In its first public statement, actuarial giant Towers Perrin said “those involved in negotiating and implementing the benefit improvements … understood that this would be the ultimate effect.”
Reaction was swift from city officials now trying to deal with the pension program’s shortfall, currently projected to be as much as $1.5 billion through 2022.
“Nobody ever advised us that we had near this kind of obligation,” said Anthony Hall, city attorney under Mayor Lee Brown and now Mayor Bill White’s chief administrative officer.
“People would have been out of their minds to know this and proceed,” he said.

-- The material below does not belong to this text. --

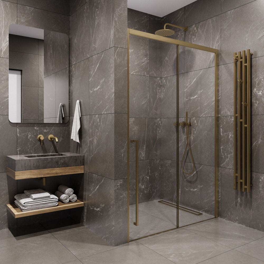 Душевая дверь в нишу Timo T55L 150 см левая золото матовое купить

“The Towers Perrin report of February ’01 speaks for itself,” Mayor White said through a spokesman.
In that report — an analysis of legislation in Austin that would increase pension benefits for Houston city workers — Towers Perrin predicted that the city would not chip in more than 14 percent of its payroll toward the pension through 2009. On that basis, city officials agreed not to oppose the legislation.

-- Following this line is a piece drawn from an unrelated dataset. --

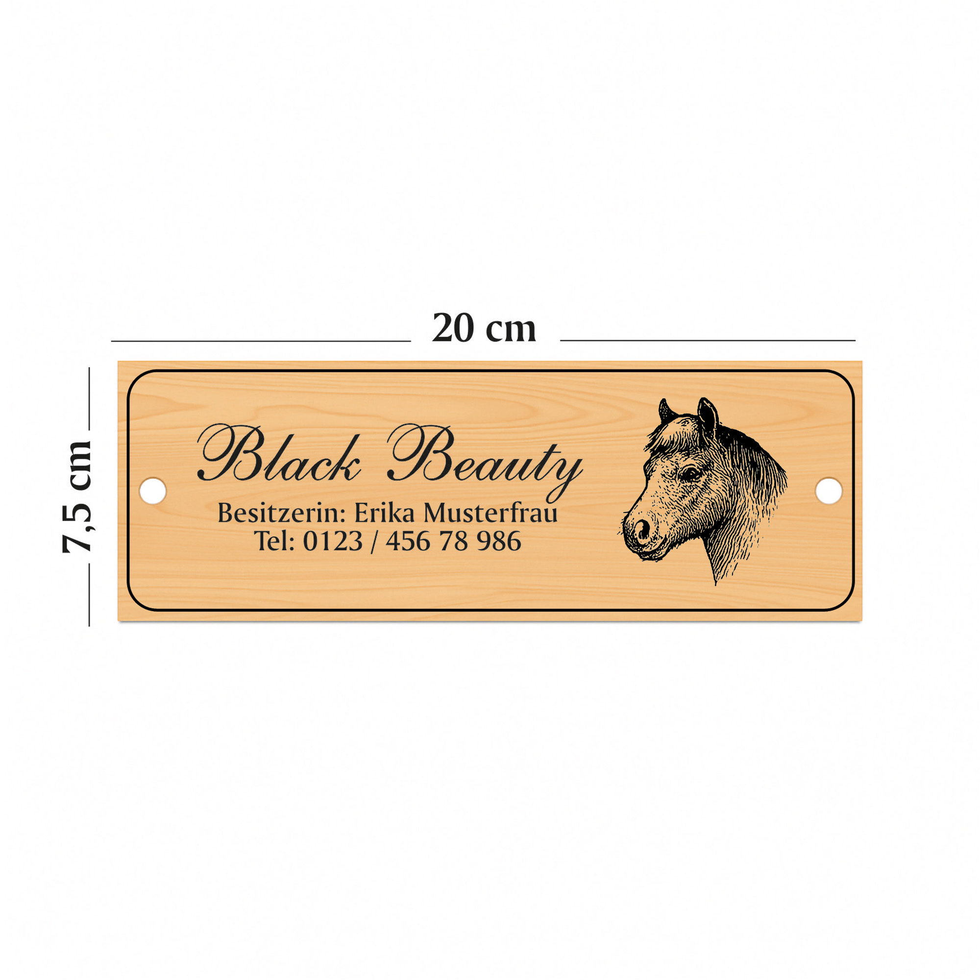 Die linke Schildhälfte bietet Platz für eine große Namenszeile sowie bis zu zwei Zusatzzeilen. So können beispielsweise Pferdename, Besitzername, Boxennummer oder Stallinformationen individuell eingraviert werden. Auf der rechten Seite befindet sich eine fein gezeichnete Pferdekopf-Illustration, die dem Schild einen edlen, persönlichen Charakter verleiht.

But by last fall, Towers Perrin had revised the city’s expected contribution to the pension fund to be a maximum of 42 percent of payroll. As an example, the contribution for 2009 would be $204 million from taxpayers instead of the previously estimated $94 million.
In a two-page statement, released from its headquarters in Stamford, Conn., Towers Perrin implied that the city should have known about the expected impact. Its statement said that in February 2001, the same month the firm issued its report, the state Pension Review Board issued an independent opinion that “underscored the inherent uncertainties involved in projecting actual future costs of benefits.”
Indeed, the actuary from competing firm Milliman USA said the Towers Perrin assumptions were “very optimistic,” according to a copy of the opinion obtained by the Chronicle.
The Towers Perrin statement went on to say that in November 2001, the firm revised its estimates based on another year of the pension’s experience and “again reflected the need for increased city contributions.”
That report came out after the bill was passed into law, however. And while it reflected a higher contribution rate, the maximum rate was predicted to be 20 percent, not the 42 percent Towers Perrin predicted last fall. The payment for sample year 2009 was $120 million, not the later-revised $204 million.
“They had a chance to give a good (report) well after the legislative session was over, and that one wasn’t even close either,” said Philip Scheps, the city’s former director of finance and administration.
A spokesman for Towers Perrin said he could not comment beyond the written statement.
Yeah, I’m sure. I think Mayor White nailed it with his comment. I do think everyone involved back in 2001 should have questioned that optimistic forecast a lot more closely, but based on this story it’s hard to see how Towers Perrin didn’t drop the ball.